When this happens, parts of the polar vortex can drift into lower latitudes. This is when we feel the extreme cold associated with the polar polar vortex.

Since there is a connection between warm air and a weak polar vortex, scientists are studying whether a warming climate could make the vortices less stable over time.

“In general, the idea is maybe that in a warmer climate, you’re more likely to get these disturbances in the polar vortex,” Gillham said. “Because with a warmer globe, you will often see warmth build up in the polar regions.”

Arctic ice factor

According to Brett Anderson, chief meteorologist and Canadian weather specialist at Accuweather.com, several scientific studies in the past decade have looked at the relationship between climate change, Arctic ice, and the polar vortex.

“Basically, what the studies are trying to show is that because of climate change, we are seeing a steady decline in the extent of Arctic sea ice over the past 20 to 30 years,” he told CTVNews.ca in an email Thursday.

The US National Oceanic and Atmospheric Administration (NOAA) Arctic 2022 Report Card warns that Arctic sea ice coverage has been steadily declining since 1970, and that annual air temperatures in the Arctic from October 2021 to September 2022 were the sixth hottest. It dates back to 1900. In fact, the seven warmest years in the Arctic since 1900 were the last seven years.

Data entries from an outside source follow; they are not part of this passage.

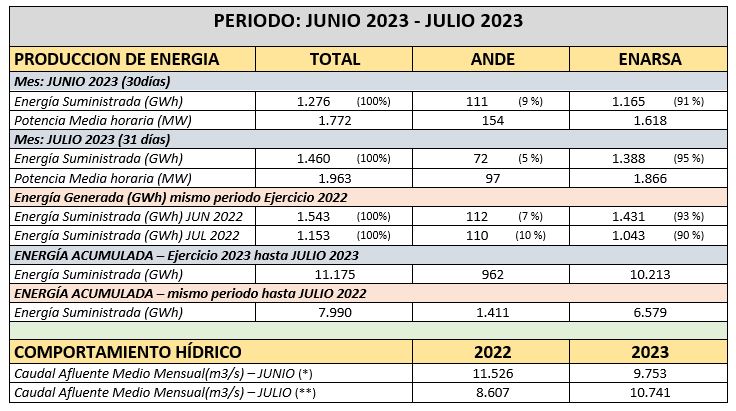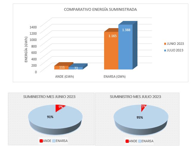 La energía total suministrada de enero a julio de 2023 es de 11.175 GWh, superior a la acumulada en el mismo periodo del año 2022, que fue de 7.990 GWh.
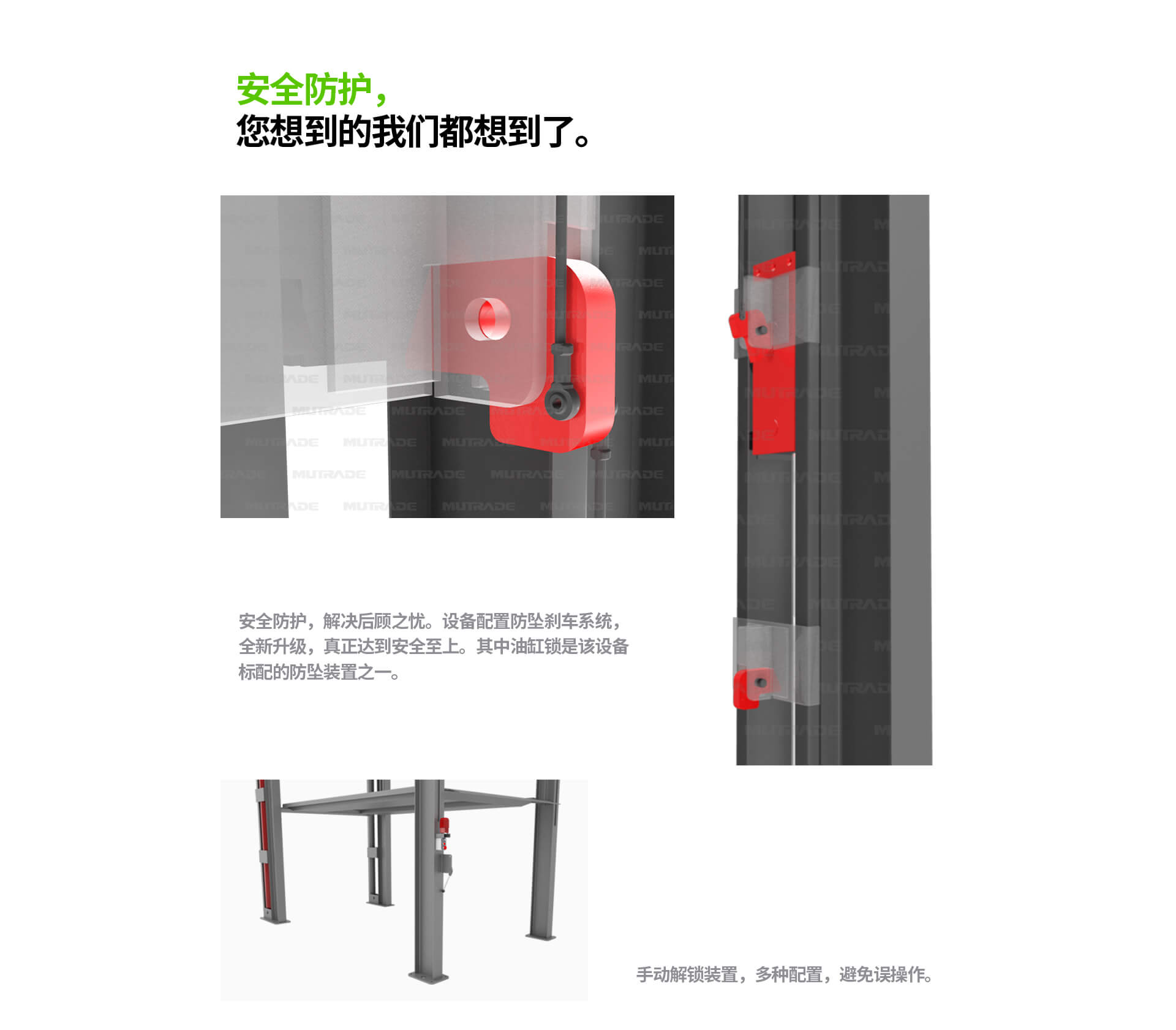HP2136在傳統(tǒng)四柱式舉升機(jī)的成熟技術(shù)上深度優(yōu)化,專為停車和長時存車用途量身打造。標(biāo)配自動解鎖方式,載重3600kg,跑板外寬增加至2166mm,停車高度2100mm,同時標(biāo)配熱鍍鋅材質(zhì)的高強(qiáng)度接油盤,兼具停車和修車功能。
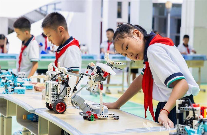 9月1日,武漢市光谷第二十一小學,同學們沉浸在科技實踐活動中。
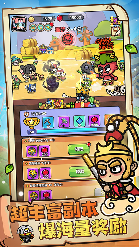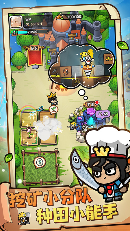 领主冲锋、金币矿洞、哥布林村庄、神灯试炼,每天都有满满惊喜和丰厚奖励等你来发现和探索!另外,在你奇幻冒险的闲暇时刻,还可以回到美丽的田园和矿山,体验休闲的种田和挖矿生活,世间大道千万种,挖矿种田样样行。耕种、收获、养殖、挖掘矿石,享受放松与自给自足的乐趣!

In this file photo filed July 22, 2017, a polar bear is seen climbing out of the water to walk on ice in Franklin Strait in the Canadian Arctic archipelago. Climatologists point to the Arctic as the most visible location for climate change with massive sea ice loss, Greenland ice sheet melting, receding glaciers and thawing permafrost. The Arctic has warmed twice as fast as the rest of the world since 1988 (AP Photo/David Goldman, File)

Because of its brilliant color, sea ice reflects the sun’s energy farther from Earth’s surface than darker-colored open water. As Arctic sea ice melts, it is being replaced by larger areas of open water, which are more likely to absorb the sun’s energy. Anderson said this is one reason the Arctic is warming “at least three times as much” as the rest of the planet.

“Warmer air is less dense than cooler air, so more of this ‘warmer’ air rises into the atmosphere over the Arctic,” he said. “As more air rises, we may see an increase in air pressure higher in the atmosphere, which could lead to a weakening or displacement of the high-level polar vortex.”

Both Anderson and Gilham agreed that there are many gaps in scientists’ knowledge about how the polar vortex behaves in the Arctic. Some years, this behavior defies their theories.

For example, there have been years with very little sea ice and a strong polar vortex and years with a lot of sea ice and a weak polar vortex.

Gilham noted that there were several “epic” Canadian winters in the late 1970s influenced by the weak polar vortex at a time when climate change was much less severe than it is now.

“We’ve been very affected by the polar vortex, and that was really before climate change was a big discussion,” he said. “So the polar vortex can definitely survive the winter, regardless of climate change.”

Both meteorologists said the science suggests we might see the frequency of weak polar vortices change with a warmer climate, but there’s still a lot scientists don’t know.

“There is still a lot to learn about this relationship,” Anderson said. “There’s clearly a lot of changes happening across the Arctic, and there’s no doubt that those changes are having an impact on weather patterns farther south.”